According to a re-working of this example by the appellant (see document D3a), the specific surface area did not decrease further after a longer calcination at 1 000°C for 12 h, and the total pore volumes before and after calcination according to the BJH method are in the claimed ranges. By contrast, the P/W ratios of 0.032 and 0.023 (before and after calcination respectively, see the table on page 2 of D3a) are below the minimum values required by claim 3 (through the reference back to method claim 1).

4.1.3 According to the patent in suit, the problem to be posed is the provision of a zirconia-based porous body with improved heat resistance maintaining a high specific surface area and total pore volume even after heating for a long time (paragraphs [0015] and [0028] of the patent in suit).

4.1.4 The proposed solution to this problem is the zirconia-based porous body of claim 3 characterised at least by P/W ratios before and after calcination above specific thresholds (which are required via the reference to claim 1).

4.1.5 For the reasons set out below, the technical problem has been successfully solved.

Table 4 of the patent in suit confirms that inventive Examples 1 to 4 with P/W ratios before and after calcination within the claimed ranges have a higher specific surface area after a calcination of 12 h at 1 100°C than Comparative Examples 1 and 2. This indicates improved thermal stability after calcination.

The appellant alleges that Table 4 could not prove an improvement since Example 1 and Comparative Example 1 of the patent in suit resulted in the same final composition in spite of different amounts of aqueous zirconium oxychloride solution (see Table 1 as well as paragraphs [0075] and [0101]).
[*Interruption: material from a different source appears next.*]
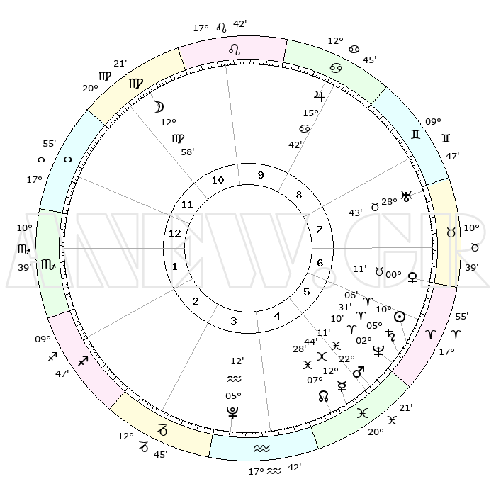 | | ΘΕΣΕΙΣ ΠΛΑΝΗΤΩΝ ΑΣΤΡΟΛΟΓΙΚΟΥ ΧΑΡΤΗ ΤΗΣ ΣΤΙΓΜΗΣ ΑΥΤΗΣ | | | | Πλανήτης | Ζώδιο | Μοίρες | Δεκαήμ. | Σε οίκο | Απόκλιση | | Ακμές των οίκων | | Ηλιος | Κριός | 10°02' | Δεύτερο | 6 | 03 N 58 | | 1ος | 20°51' | Ζυγός | | Σελήνη | Παρθένος | 12°05' | Δεύτερο | 11 | 06 N 45 | | 2ος | 18°44' | Σκορπιός | | Ερμής | Ιχθείς | 12°41' | Δεύτερο | 5 | 07 S 49 | | 3ος | 20°05' | Τοξότης | | Αφροδίτη | Ταύρος | 00°06' | Πρώτο | 7 | 11 N 02 | | 4ος | 23°43' | Αιγόκερως | | Αρης | Ιχθείς | 22°08' | Τρίτο | 5 | 04 S 05 | | 5ος | 26°40' | Υδροχόος | | Δίας | Καρκίνος | 15°42' | Δεύτερο | 9 | 22 N 53 | | 6ος | 26°04' | Ιχθείς | | Κρόνος | Κριός | 05°30' | Πρώτο | 6 | 00 N 14 | | 7ος | 20°51' | Κριός | | Ουρανός | Ταύρος | 28°43' | Τρίτο | 8 | 19 N 42 | | 8ος | 18°44' | Ταύρος | | Ποσειδώνας | Κριός | 02°10' | Πρώτο | 6 | 00 S 20 | | 9ος | 20°05' | Δίδυμοι | | Πλούτωνας | Υδροχόος | 05°12' | Πρώτο | 4 | 22 S 48 | | 10ος | 23°43' | Καρκίνος | | Β. Δεσμός | Ιχθείς | 07°28' | Πρώτο | 5 | 08 S 46 | | 11ος | 26°40' | Λέων | | Ωροσκόπος | Ζυγός | 20°51' | Τρίτο | | | 12ος | 26°04' | Παρθένος | | Μεσουράνημα | Καρκίνος | 23°43' | Τρίτο | | | |

Similarly, Comparative Example 2 was not comparable to Example 2 since this sample was obtained, according to paragraph [0106], as in Comparative Example 1, i.e. with different amounts of zirconium dioxide.

Confronted with these objections at the oral proceedings at the opposition stage, the respondent could only argue that the operating conditions had been adapted to obtain the same final composition in spite of the different amounts of aqueous zirconium oxychloride solution.
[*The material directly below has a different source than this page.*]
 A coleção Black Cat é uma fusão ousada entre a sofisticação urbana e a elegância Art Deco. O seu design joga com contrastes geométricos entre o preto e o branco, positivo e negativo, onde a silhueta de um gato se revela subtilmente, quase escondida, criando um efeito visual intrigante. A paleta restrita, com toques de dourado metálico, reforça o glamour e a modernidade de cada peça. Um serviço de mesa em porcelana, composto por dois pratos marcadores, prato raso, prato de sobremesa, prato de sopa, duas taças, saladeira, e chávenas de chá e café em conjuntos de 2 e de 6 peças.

At the appeal stage, after having duly consulted the responsible technical expert, the respondent presents a different explanation. D15 indicates that the amount of aqueous zirconium oxychloride solution in Comparative Example 1 of the patent in suit (paragraph [0101]) was a typographical error (point 7). The correct amount was 450 g, just as in Example 1. The reference in paragraph [0106] to "Comparative Example 1" only meant the reaction conditions, not the amount of zirconium dioxide, which was the same as in Example 2. This was also logical since the examples were meant to allow for a meaningful comparison. Consequently, Example 1 and Comparative Example 1 were comparable, just as Example 2 and Comparative Example 2 were.

While these statements by the respondent are not supported by any further explanations or evidence, the board cannot identify a contradiction between the explanations provided by the respondent and the remaining information in the patent in suit. The board also observes that the examples were meant to be comparative. Importantly, the appellant has failed to submit any experimental evidence showing that the rectified amounts of aqueous zirconium oxychloride solution do not yield the results of Tables 1 to 4 of the patent in suit.
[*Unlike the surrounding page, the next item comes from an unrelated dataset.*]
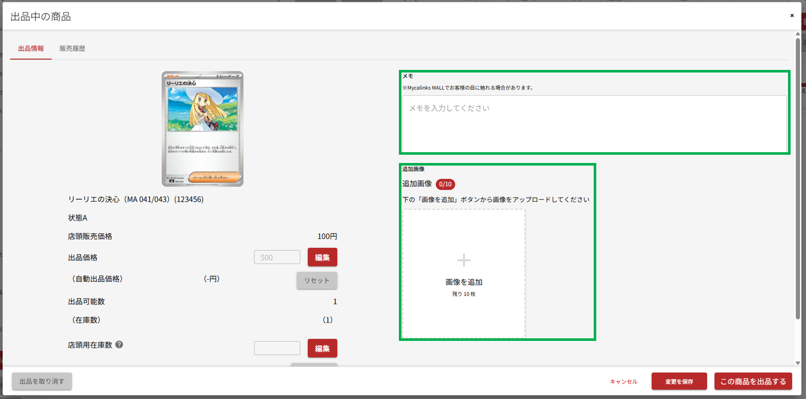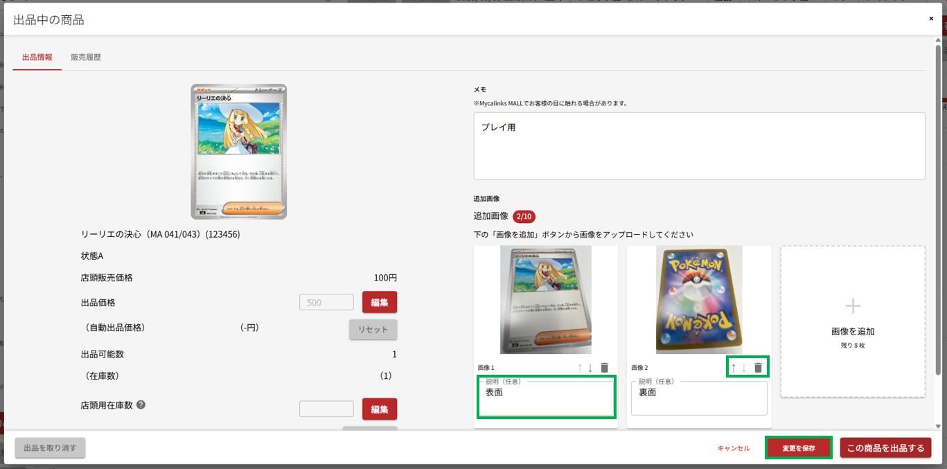 メモ・画像の追加が完了したら「変更を保存」を押してください。

The appellant also puts forward that if there were a correlation between the claimed P/W ratio and the surface area after calcination at 1 100°C:

- the examples of the patent in suit with the highest P/W ratio should also have the highest surface area after calcination and vice versa

- the examples of the patent in suit with the highest (relative) decrease in surface area should have the lowest P/W ratio

However, this was not the case since:

- Example 3 had the highest P/W ratio of the inventive examples before and after heat treatment but the lowest specific surface area after calcination at 1 100°C (Tables 2 to 4)

- Comparative Example 2 had the lowest P/W ratio before and after the heat treatment but a higher specific surface area after calcination at 1 100°C than Comparative Example 1

There was thus no direct correlation in the appellant's view.

This argument is not convincing. What is important is that zirconia-based porous bodies as claimed show improved thermal stability, i.e. a higher surface area after calcination, when compared with bodies not according to the invention. It is not necessary that, within the claimed ranges, the thermal stability/surface area after calcination at 1 100°C increase with increasing P/W ratios in a steady manner. Besides, Example 3 has a different chemical composition (see Table 1). Hence, its results cannot be directly compared to those of inventive and Comparative Examples 1 and 2.

Hence, there is no evidence on file to show that the problem has not been successfully solved by the zirconia-based porous body of claim 3.

4.1.6 It has not been disputed that there is no incentive in the available prior art to choose a P/W ratio before and after calcination within the claimed ranges to improve thermal stability after calcination.

An inventive step is hence acknowledged (Article 56 EPC).

4.2 Product claim 3: D4

4.2.1 The appellant alternatively refers to Example 6 and Figure 1 of D4 as the closest prior art. It also refers to its re-working of this example (see documents D4a and D4b).

It has not been disputed that D4 fails to disclose the P/W ratio after the calcination required by claim 3.

4.2.2 Consequently, the reasoning above on D3 also applies to D4, and an inventive step is acknowledged (Article 56 EPC).

4.3 Method claim 1: D5

4.3.1 Claim 1 is a method for producing the zirconia-based porous body found to involve an inventive step above under points 4.1 and 4.2.

Claim 1 requires the same P/W ratios before and after calcination as product claim 3.

4.3.2 It is undisputed that D5 fails to explicitly disclose P/W ratios in the range of claim 1.

The appellant also acknowledges that D5 requires a mixing temperature of at least 80°C but less than 95°C (e.g. claim 10 or paragraph [0045]), whereas claim 1 specifies mixing at 95°C or higher.

The patent in suit explains that, inter alia, the temperature of the liquid mixture plays a role for obtaining the desired properties (paragraphs [0015] and [0016]). The mixing temperature is at least one of the parameters that distinguish the preparation of the inventive Examples 1 and 2 from the preparation of the Comparative Examples 1 and 2 (paragraphs [0101] and [0106] in combination with point 8 of D15).

At least for this reason, P/W ratios in the claimed range are not implied by the preparation method of D5 either. The appellant has failed to submit any counter-evidence to this.

Whether there are further differences between the preparation methods of inventive Examples 1 and 2, on the one hand, and Comparative Examples 1 and 2 of the patent in suit, on the other hand, such as a longer mixing time and/or an additional heating step, is of no relevance for this conclusion.

For the reasons indicated above for claim 3 and since neither D5 nor D6 or D9 suggest adapting the mixing temperature to modify the P/W ratio to improve the thermal stability after calcination, the subject-matter of claim 1 also involves an inventive step (Article 56 EPC).

4.4 Product claim 3: D5

This objection was only raised after the initial appeal phase. Admittance under Article 13(1) RPBA of this objection notwithstanding, it cannot succeed for the reasons set out above under points 4.1, 4.2 and 4.3.

4.5 For the same reasons, the subject-matter of the dependent claims also involves an inventive step.

Order

For these reasons it is decided that:

1. The decision under appeal is set aside.

2. The case is remitted to the opposition division with the order to maintain the patent in amended form on the basis of the set of claims of the main request, previously filed with the reply to the appeal as auxiliary request 1, and a description to be adapted if needed.